L’image du texte / la lecture du visage Quand j’ai un portrait d’écrivain à faire, je commence par lire des passages de son œuvre jusqu’à ce que l’écriture prenne forme, une forme qui reste extrêmement présente devant mes yeux, quand je sonne à la porte de celui-ci. La surprise est quelquefois très grande quand la porte s’ouvre : les deux formes, celle du visage et ce qui s’en dégage et celle de l’œuvre peuvent ne pas coïncider du tout. Certains écrivains, persuadés qu’il n’y a aucun rapport entre les deux, rechignent à se faire photographier. « Mon visage est dans mon œuvre », disait Michaux ; Julien Gracq refusait le plus possible de se faire photographier. Et pourtant, un certain rapport saisi entre la ligne du nez et celle de la bouche ou un certain dessin de l’œil ne peuvent-ils pas être une porte d’entrée, une grille de lecture pour un monde à découvrir ? Le visage de Benoîte est complexe certes, comme tous les visages, mais lumineux, ouvert et clair ; il ne se cache pas derrière dix mille masques, il vit, il se vit, il s’offre ! « Je n’ai pas le sens du secret, et j’aime la lumière », m’avait-elle répondu spontanément un jour dans un entretien. Moi aussi j’aime la lumière, toutes les lumières, comme tous les photographes ! Et le portrait est une histoire de rencontre entre différentes lumières, comme l’avait expliqué la poétesse Heather Dohollau au vernissage de l’exposition des 40 portraits d’écrivains en Bretagne au Festival de Lorient : « Dans les photos de visage, quand elles sont réussies, c’est comme si trois lumières étaient là : celle de l’extérieur, celle qui vient du visage et la lumière propre au photographe. Et quelque fois il y a miracle », celui de la rencontre. Le visage est un peu comme une frontière entre le dedans et le dehors. Une frontière qui bouge… On « habite son visage, comme le vent la voile », disait-elle joliment. Elle disait aussi à propos d’une photo de Virginia Woolf par Gisèle Freund qui l’avait marquée, et en reprenant la citation qui l’accompagnait : « car nous avons tous derrière la tête une petite place de la largeur d’un shilling, qui reste invisible ». Et, en regardant ce beau visage, merveilleusement photographié, j’avais l’impression de voir cette « petite place » qu’elle ne pouvait pas voir elle-même. La photo comme autre frontière, entre le visible et l’invisible !

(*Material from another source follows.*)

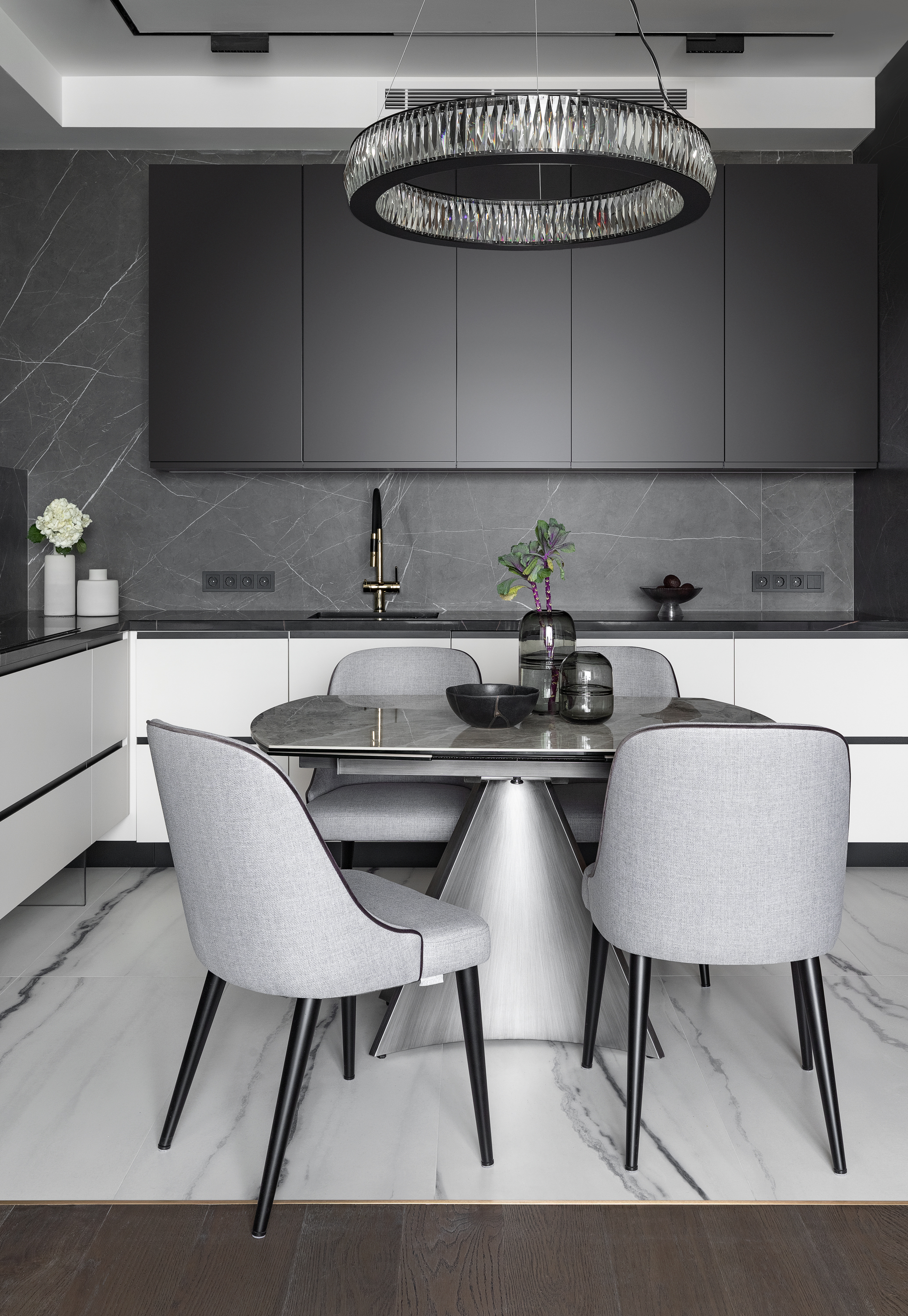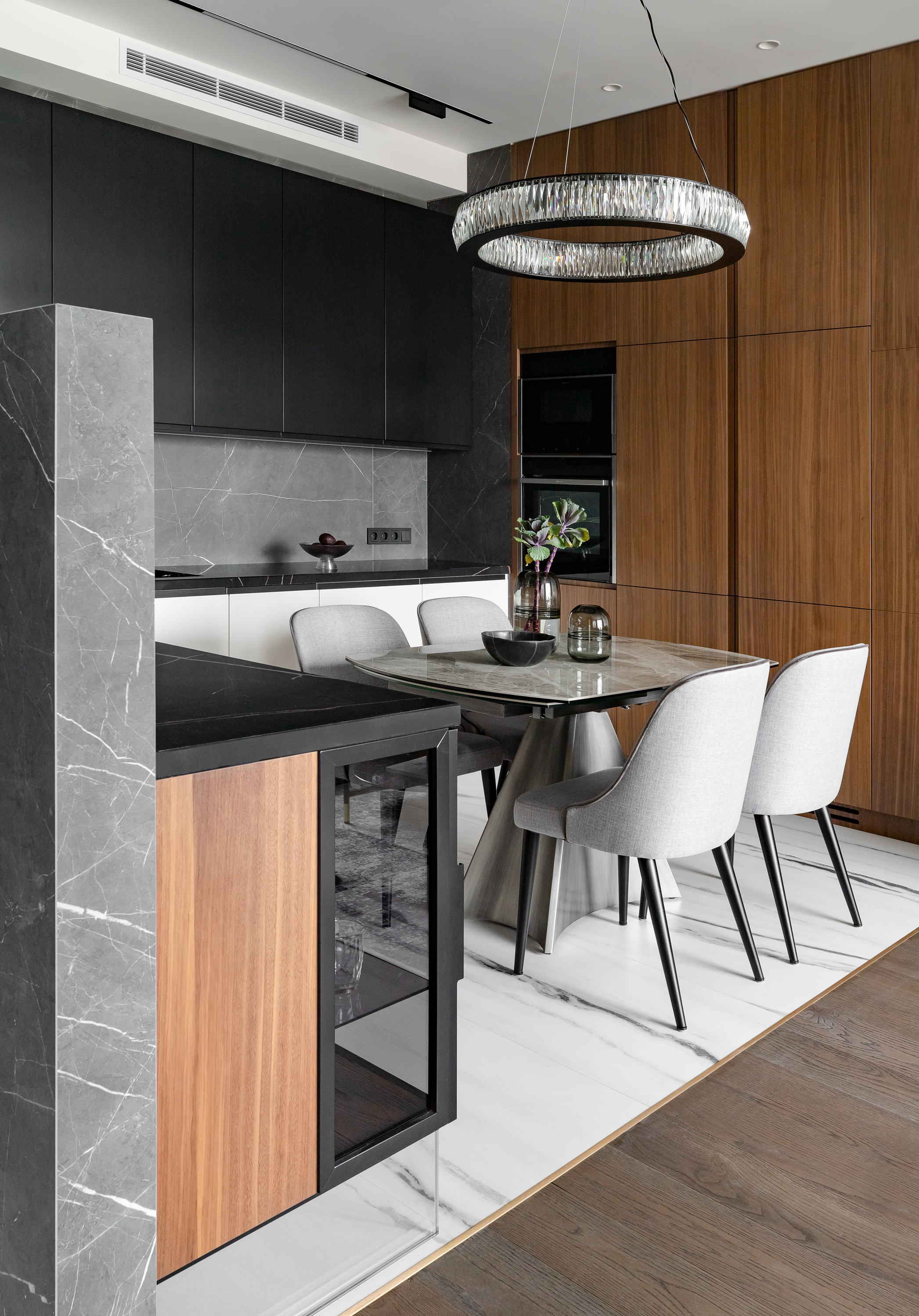 Выполнена в таком же стиле как и гостиная, современный брутальный интерьер сочитается с небольшими интеграциями классики, в виде молдингов, в виде классической текстуры и оттенка ореха, и освещение с претензией на современную классику.

Le rapport parole/image, les deux langages ou « Le portrait au féminin » De mon côté, quand je fais un portrait, je prends d’abord tout un temps pour être dans la conversation avec l’écrivain, ce qui permet de détendre, de délier les tensions et de lier aussi des liens de confiance, de s’approcher et de cheminer ensemble avant le déclic de l’appareil et puis quand tout à coup l’image dans le verre dépoli de l’appareil s’impose, que le moment est venu de la saisir, je n’ai plus de mots, plus envie de parler, c’est désormais un autre cerveau qui fonctionne. Je sais que je dois alors faire vite pour prendre la photo dans la bonne tension, la tension juste, si je ne veux pas que la personne en face se sente lâchement abandonnée dans la chevauchée commencée et se relâche, frustrée ! Avec Benoîte, il n’y a pas eu de ces combats entre image et parole, pas de jeux de cache-cache, pas de rapports de forces mais une conversation au sens premier du mot, de passage de relai de l’une à l’autre qui se fait simplement, naturellement, plaisamment : une prise de vue au féminin, ai-je envie de dire, en souplesse, en échange. Il est à remarquer que les photographes de portraits sont souvent des femmes, Gisèle Freund, Sophie Bassoul et bien d’autres…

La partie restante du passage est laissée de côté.